For many of us, predicting how many years we have remaining in this life can be a fun source of speculation. For others, thinking about the sand trickling through life’s hourglass is a sobering reminder of mortality. But regardless of how we feel about aging, there’s no accurate gauge to tell us how much time we have remaining before we shake off this mortal coil.
Or is there? It turns out, based on current research, that there are in fact some indicators that can reveal important clues to our longevity. We recently came across this intriguing article on a website called Eat This, Not That – a funny name for a site with a serious purpose: to empower each of us to make healthier food choices every day. Alexa Mellardo, writer and editor for the website, wrote the longevity article.
The point, as the article explains, is not to answer every question we might have about the number of years remaining to us. Instead, the piece suggests that, if the four clues the article talks about reveal some concerning data, there are changes we might be able to make to maximize the enjoyment of the time we have, and potentially to stretch our longevity just a bit farther.
Longevity is “a Scary Unknown”
“You’ve likely heard time and time again that habits like getting in daily movement, having a positive mindset, eating healthily, staying social, and maintaining an active brain can help you lead a long, happy life,” Mellardo begins. “Longevity is something most if not all of us strive to achieve, and perfecting your daily routine even further can help you boost your chances of lengthening your lifespan.”
To this end, Mellardo has turned to current science to find a handful of specific predictors that can give you a pretty good idea of how long you may live, “barring accidents or other outside forces.” With this information in your back pocket, you can make the necessary adjustments to your daily life to squeeze as many years out of your life as you can.
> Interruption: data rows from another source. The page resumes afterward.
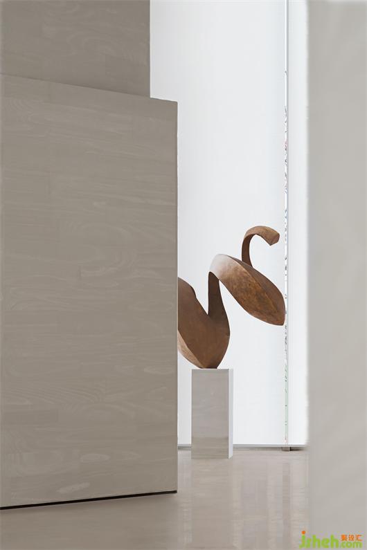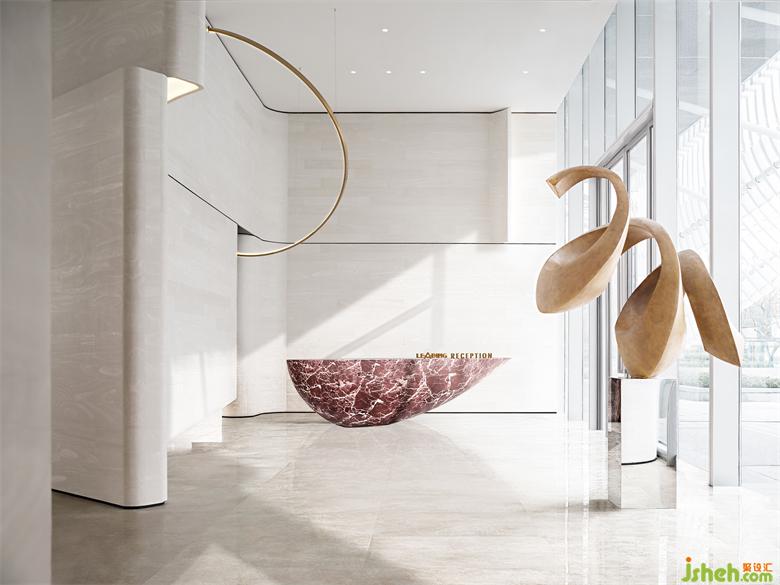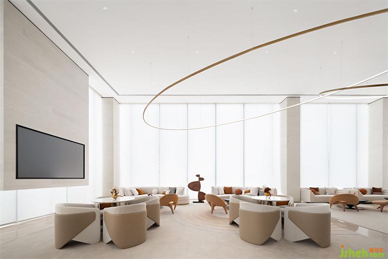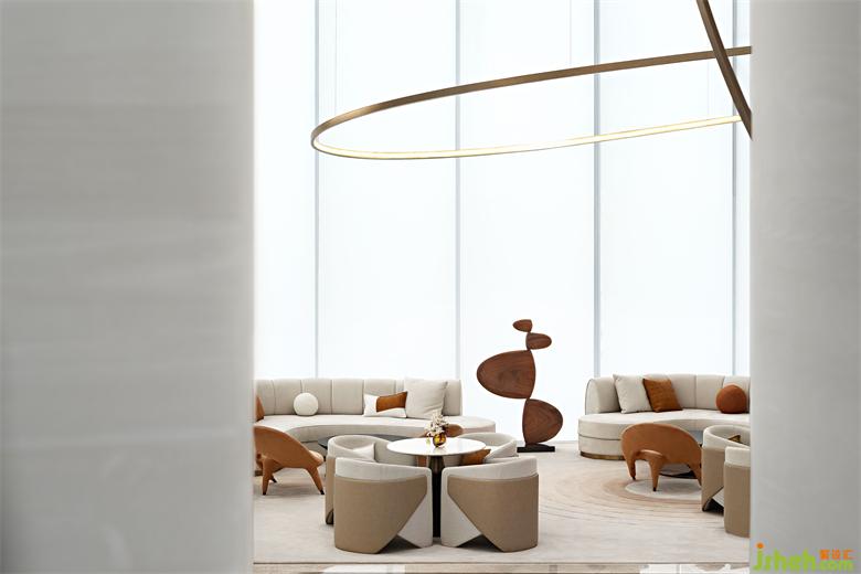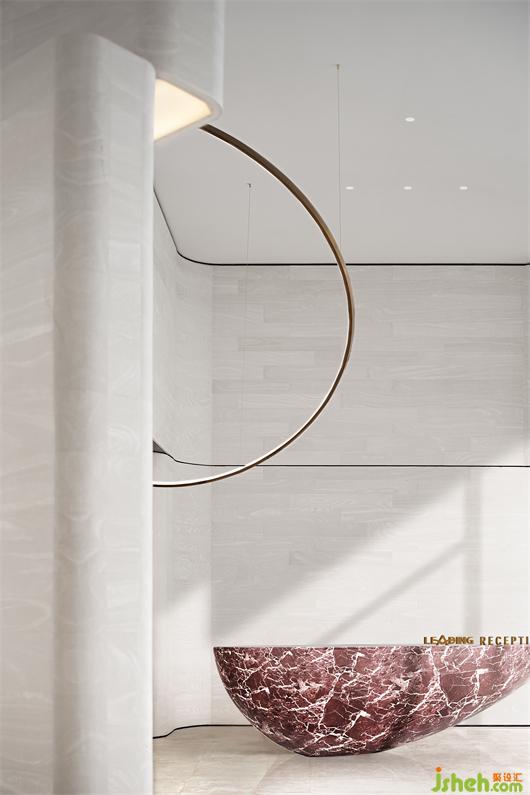整個空間摒棄掉傳統(tǒng)的大型隆重的裝飾吊燈,用裝置藝術(shù)的手法去考慮室內(nèi)燈飾的布陳,大量簡潔干練的弧形環(huán)形的藝術(shù)燈飾穿插其中,猶若星辰運行的軌跡。
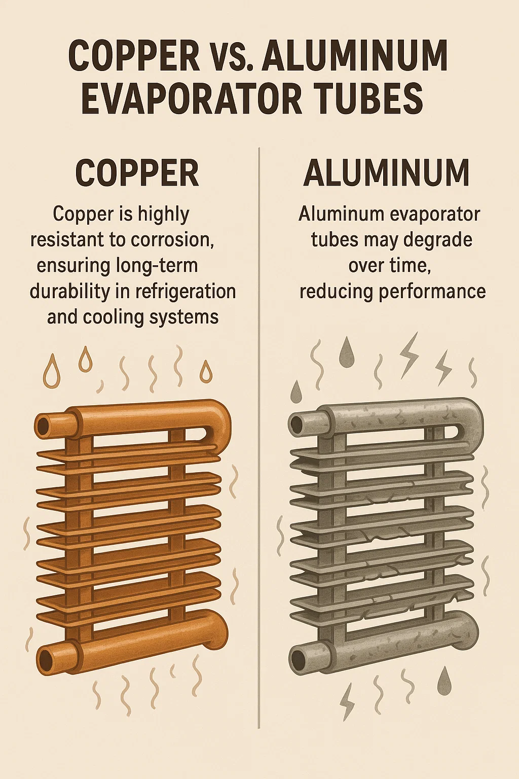 のために 産業および商業用途 信頼性と寿命が重要な場合、銅の耐腐食性と構造的完全性を維持する能力により、銅は蒸発器チューブとして優れた選択肢となります。
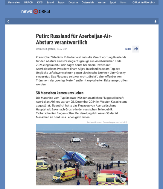 Məqalələrdə 2024-cü il dekabrın 25-də Qroznı istiqamətində reysi həyata keçirən AZAL təyyarəsinin Rusiya hava hücumundan müdafiə qüvvələri tərəfindən vurulması və Qazaxıstanın Aktau şəhəri yaxınlığında qəzaya uğraması barədə detallar təqdim olunub.
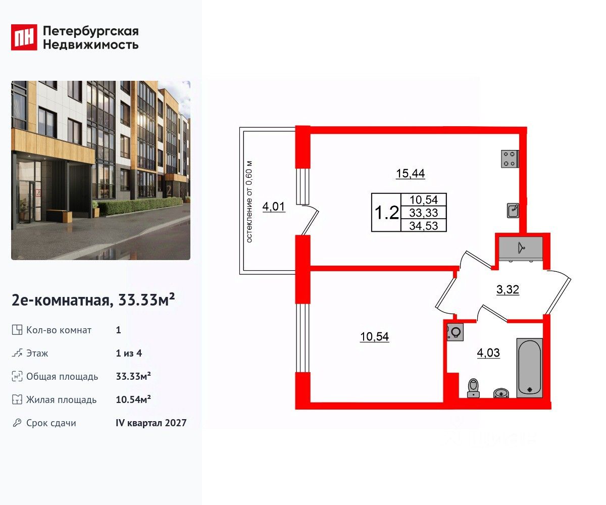 Удобная, классическая, функциональная европланировка, большая кухня-гостиная 15.44 м², вместительная прихожая 3.32 м². Общая площадь квартиры - 33.33 м², жилая 10.54 м², высота потолка 2.77 м.
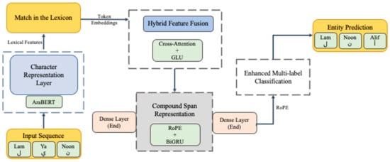 The proposed methodology integrates novel layers, including the Hybrid Feature Fusion Layer, Compound Span Representation Layer, and Enhanced Multi-Label Classification Layer, to address the challenges of Arabic NER. These enhancements enable the model to handle complex linguistic structures, improve lexical integration, and achieve state-of-the-art performance on challenging datasets.

Let’s take a look!
Longevity Tips: The Blue Zones Power 9
First, the basics. We all know that when you want the best possible wisdom about something, you go to the source. And when you want to know how to live longer, you could do worse than to ask the healthiest, longest-lived people in the world how they accomplished it!
The Blue Zones Power 9 are “the habits, rules, and lifestyle choices of individuals who live in destinations with the highest life expectancy.” Specifically, these are folks who live in what are called the world’s Blue Zone regions: the Barbagia region of Sardinia; Ikaria, Greece; Nicoya Peninsula, Costa Rica; Loma Linda, California; and Okinawa, Japan.
Mellardo explains: “The Power 9 consist of getting in daily natural movement (through hobbies like gardening), establishing a sense of purpose, following the 80 percent rule (aka, when the stomach is filled 80 percent, stop eating), eliminating stress, eating beans and plants, having a sense of belonging via faith, sipping moderate alcohol, being surrounded by family, and creating a solid group of quality friends.”
That said, what other factors can give you a hint at your future, according to science?
Clue #1: The Eyes Have It
Believe it or not, your eyes may not just the windows of your soul; they might be indicators of your longevity.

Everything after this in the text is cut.